The Country Director, Google Nigeria, Juliet Ehimuan-Chiazor, says the social and economic tool known as Google Search has attained 20 years.
Ms Ehimuan-Chiazor in a statement in Lagos said that apart from Google Search being a way of finding information, it had proven invaluable in helping people find jobs, start businesses, and even save money.
“This month marks a major milestone for the world’s most popular search engine, as Google Search turns 20.
“Founded in 1998 by Larry Page and Sergey Brin, with the aim of organising the world’s information to make it universally accessible and useful, the Search Index now contains hundreds of billions of web pages and is well over 100 000 000 gigabytes in size.
“It is by some distance, the world’s number one search engine.
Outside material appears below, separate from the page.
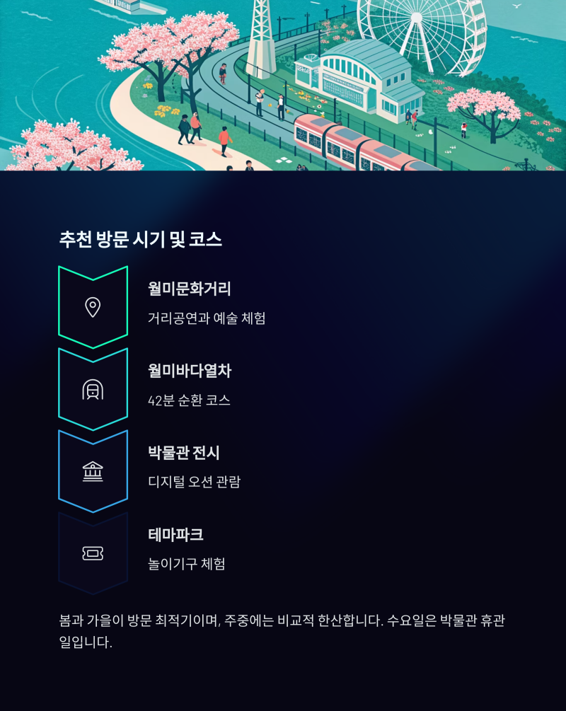월미문화거리 → 월미바다열차 → 박물관 전시 → 테마파크 순으로 이동하면 당일 코스로도 알차게 여행이 가능합니다.
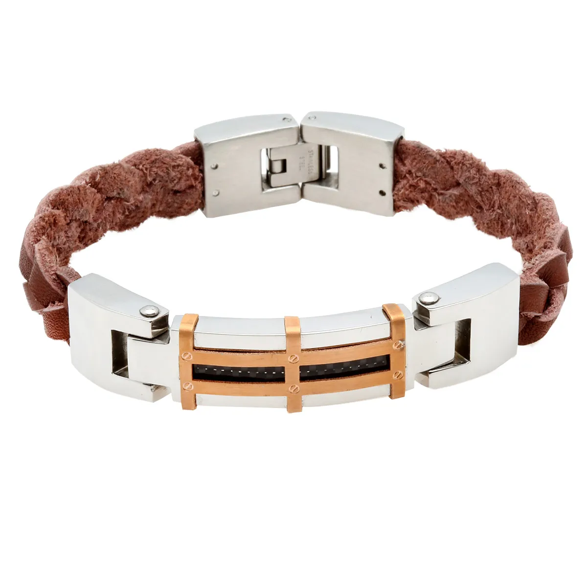 Ανδρική χειροπέδα από ανοξείδωτο ατσάλι, λεπτομέρεια από καφέ δέρμα και 2 επιπλατινώματα: λευκό και ροζ χρυσό.

This is in no small part, thanks to its efforts to ensure that users can instantly access information that is contextually relevant to them and their surroundings.
“From humble origins in a Stanford University computer lab, Search has evolved to become a vital part of most people’s lives.
“People use it for everything ‒ from looking at the weather to plan their outfit the next day, to searching for life-saving procedures in the middle of a medical emergency.
“Search is a very different product from what it was in 1998, far from simply being a way to find information; it has become a crucial social and economic tool.
“This is especially true in Africa, where it has proven invaluable in helping people find jobs, start businesses, and even save money,” she said.
The country director said even though technology had changed, people’s tastes have remained largely consistent over the past decade, considering the most searched for people on Google in Nigeria since 2008 with many of them still relevant today.
She listed some of them as: Linda Ikeji, Wizkid, Olamide, Muhammadu Buhari, Davido, Cristiano Ronaldo, Lionel Messi, Rihanna, Nicki Minaj and Phyno.
She said that in Nigeria, Google was constantly working on giving people the best possible search experience, listing the latest efforts to include Google Go, Job Search, Recipe Search and Health Symptoms Search.
She also listed some fast facts on search saying in 2017, Google launched more than 270,000 experiments and made more than 2, 400 improvements to its algorithms, and continued to launch new features to make search more useful for everyone.
“When Google began, a new index was rolled out roughly every month. Today, Google generally indexes popular content from news sites and blogs within seconds or minutes of publication. For more static content, Google still updates a large fraction of its index every few days
“15 per cent of searches every day are new, more than half of searches come from outside the U. S., Brazil, India and Indonesia are in the top 10 countries with the highest search volume.
“Nearly one-third of searches came from Next Billion User (NBU) countries like Indonesia, India, Nigeria and South Africa in 2017 and 20 per cent of users in NBU countries search in two or more languages.
“The Knowledge Graph is available in 46 languages: English, Spanish (Spain), Spanish (LatAm), French, German, Portuguese, Italian, Japanese, Russian, Korean, Polish, Turkish, Traditional Chinese, Simplified Chinese, Vietnamese, Thai, Indonesian, Hebrew and others.
“Every year, there are trillions of searches on Google and over half of those searches happen on mobile and Google has indexed over 130 trillion web addresses so far.
“The Knowledge Graph maps out how more than 1 billion things in the real world are connected, and offers over 70 billion facts about them and Google’s average query response time is roughly a quarter of a second.
“Looking forward, there’s little doubt that the evolution of Search over the next 20 years will be as dramatic as the past 20, and with an online population of 103 million, there’s every chance that Nigeria will be at the forefront of that evolution,” she said.